Relating to those below us in rank

Do you gaze at those in charge of you and dream of future leadership? It may look easy on the outside, but the responsibility is heavy. Those who lead others at work and/or children at home must learn excellent coping skills for acquiring peace.

As the Israelites roamed the desert for forty years, Moses had a plethora of duties as he cared for the people–and no peace. He dealt with everything from their daily complaints to leading them in battles against various enemies they encountered on the way to the Promised Land. We can witness, for example, how he suffered over their demands for food (Click HERE) and for water:

“Therefore the people contended with Moses, and said, ‘Give us water, that we may drink.’ So Moses said to them, ‘Why do you contend with me? Why do you tempt the Lord?’ And the people thirsted there for water, and the people complained against Moses, and said, ‘Why is it you have brought us up out of Egypt, to kill us and our children and our livestock with thirst?’ So Moses cried out to the Lord, saying, ‘What shall I do with this people? They are almost ready to stone me!”’ (Exodus 17:2-4).

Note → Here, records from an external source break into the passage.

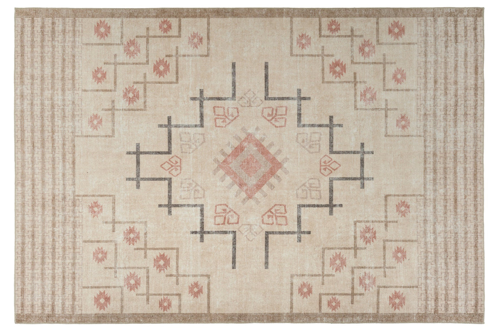 The DesignOur stain-resistant Tende collection draws inspiration from North African funk music and traditional Oushak, or Usak, rug design. Known for their spaciousness and soft color palettes, these popular rugs originated in the western Turkish city of Usak. In these pieces, we've retained that hallmark softness and open composition and added Moroccan-inspired motifs. The Funk rug has a large central medallion, surrounded by fields of geometric flowers.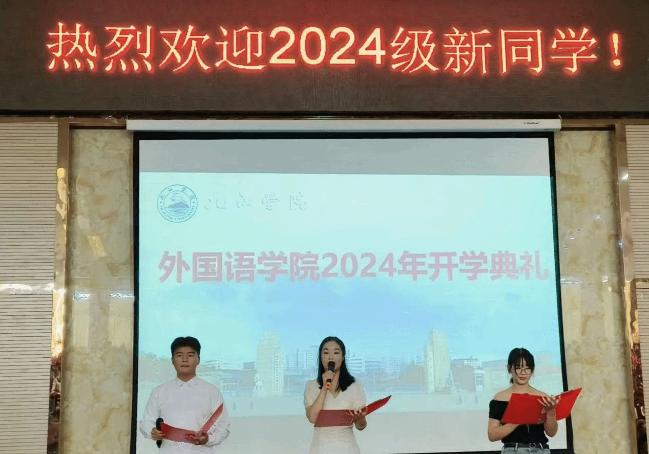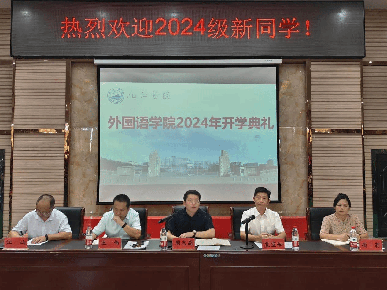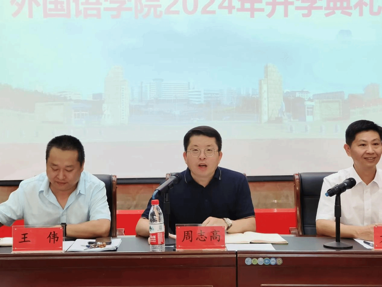 院长周志高代表全体教职员工热烈欢迎2024级新同学。他向大家详细介绍了学院的发展历史、师资力量和学院近年来取得的成绩。他鼓励新同学们在接下来的学习中,刻苦钻研本领,提升专业技能,通过语言去了解世界,努力成为文化交流的使者,努力做到“外显精气神,语藏锦绣文”。学院的教师队伍能够为同学们的成长提供坚实的保障。近年来,外院师生在省级以上比赛中荣获 160 多项奖项,英语专业在 2021 年获得四星级专业评价,在2023年通过教育部师范认证。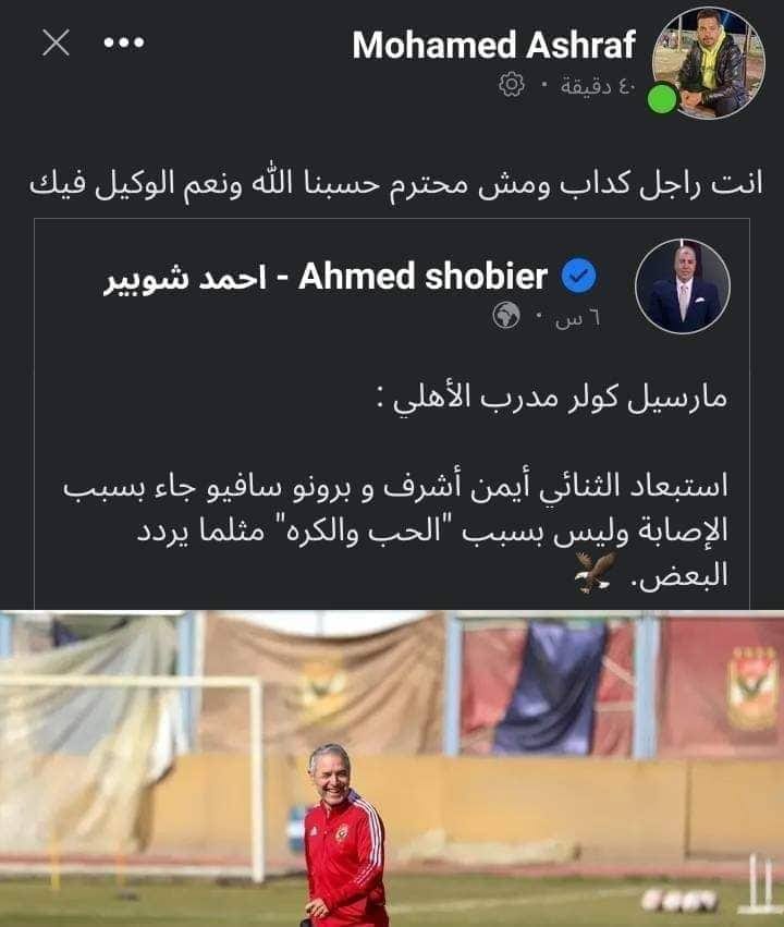 وتظهر الصورة المتداولة، أن شقيق أيمن أشرف قام بمشاركة تصريحات كولر من الصفحة الرسمية للإعلامي أحمد شوبير، وعلق عليها:”انت راجل كداب ومش محترم حسبنا الله ونعم الوكيل فيك”.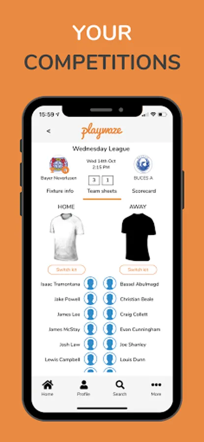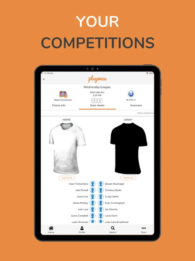 > Your Teams: Manage teams, player availability, squad selection, and match fees.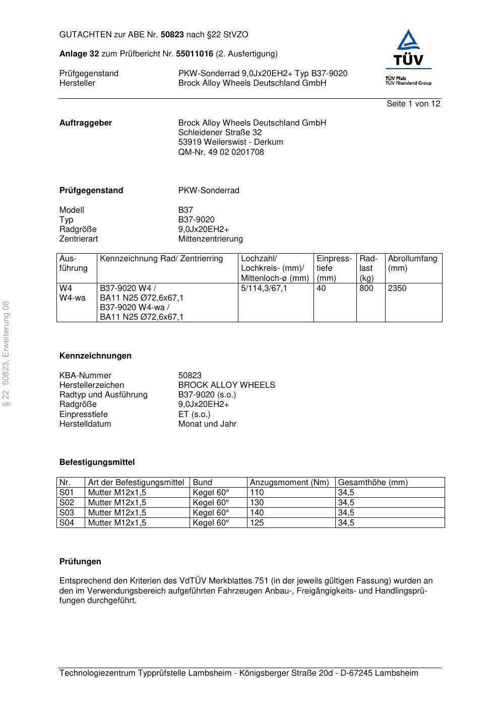 Dieses Gutachten (abe) bezieht sich auf die Alufelge Brock B37-90 20 in der Ausführung 6Jx67 ET 0, Mittenloch 0 mm (KBA 50823). Im PDF findest du typischerweise zulässige Reifengrößen, Auflagen/Anbauhinweise und – je nach Dokument – Hinweise zur Eintragung.

Delegating authority is a good solution to attaining peace. As Moses experienced exhaustion and frustration from dealing with the people, God used Moses’s father-in-law to help find peace through governance. Jethro recognized that Moses couldn’t bear up under such a weight of responsibility and convinced him to get help. Read about Jethro’s advice HERE.

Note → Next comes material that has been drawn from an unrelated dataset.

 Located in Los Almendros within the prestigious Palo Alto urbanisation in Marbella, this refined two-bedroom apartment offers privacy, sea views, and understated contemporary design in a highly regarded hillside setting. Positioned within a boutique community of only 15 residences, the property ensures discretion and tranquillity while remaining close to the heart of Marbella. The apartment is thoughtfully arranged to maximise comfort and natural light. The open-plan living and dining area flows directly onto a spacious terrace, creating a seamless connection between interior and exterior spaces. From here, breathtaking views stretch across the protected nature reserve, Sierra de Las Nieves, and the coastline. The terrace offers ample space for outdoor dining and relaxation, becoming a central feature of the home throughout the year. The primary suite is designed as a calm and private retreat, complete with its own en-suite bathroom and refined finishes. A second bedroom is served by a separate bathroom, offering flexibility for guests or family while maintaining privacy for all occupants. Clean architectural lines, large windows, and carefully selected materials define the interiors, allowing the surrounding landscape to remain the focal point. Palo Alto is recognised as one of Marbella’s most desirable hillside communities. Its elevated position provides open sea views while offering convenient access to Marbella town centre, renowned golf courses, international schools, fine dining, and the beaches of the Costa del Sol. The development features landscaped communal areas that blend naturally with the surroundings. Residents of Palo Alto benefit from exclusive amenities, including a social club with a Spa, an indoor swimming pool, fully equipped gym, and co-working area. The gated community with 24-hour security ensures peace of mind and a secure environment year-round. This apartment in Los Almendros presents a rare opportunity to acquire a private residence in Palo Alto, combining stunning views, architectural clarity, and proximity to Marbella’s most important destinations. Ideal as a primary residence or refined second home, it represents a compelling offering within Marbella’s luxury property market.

Peter shares the recipe for finding peace in every relationship

“For ‘He who would love life
And see good days,
Let him refrain his tongue from evil,
And his lips from speaking deceit.
Let him turn away from evil and do good;
Let him seek peace and pursue it.
 For the eyes of the Lord are on the righteous,
And His ears are open to their prayers’” (1 Peter 3:8-12a NKJV).

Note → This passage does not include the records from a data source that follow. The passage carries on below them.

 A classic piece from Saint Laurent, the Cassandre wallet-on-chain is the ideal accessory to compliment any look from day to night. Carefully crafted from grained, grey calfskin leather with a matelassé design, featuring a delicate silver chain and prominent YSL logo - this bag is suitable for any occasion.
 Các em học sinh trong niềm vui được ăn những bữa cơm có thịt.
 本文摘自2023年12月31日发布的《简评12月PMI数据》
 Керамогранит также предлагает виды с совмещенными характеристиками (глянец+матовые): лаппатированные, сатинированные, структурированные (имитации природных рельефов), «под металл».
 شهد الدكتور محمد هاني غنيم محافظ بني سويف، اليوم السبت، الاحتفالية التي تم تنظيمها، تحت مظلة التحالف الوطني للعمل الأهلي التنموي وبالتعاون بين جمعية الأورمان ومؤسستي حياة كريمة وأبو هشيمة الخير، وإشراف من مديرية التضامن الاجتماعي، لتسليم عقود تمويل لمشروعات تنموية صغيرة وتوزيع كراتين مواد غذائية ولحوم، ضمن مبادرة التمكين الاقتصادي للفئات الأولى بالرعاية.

Throughout our lifetimes, we’ll experience different relationships with people as varied as the stars. Let’s heed the Apostle Paul’s encouragement when he says, “If it is possible, as much as depends on you, live peaceably with all men” (Romans 12:18 NKJV).

How do you find God’s peace in your relationships?

The Fruit of the Spirit Bible Study Week 19: Peace in Relationships by Karen Jurgens

Dear Father, we look to You for divine guidance and wisdom as we seek peace in our relationships. With your help, may we love one another and live in peace all our days. In Jesus’s Name, Amen.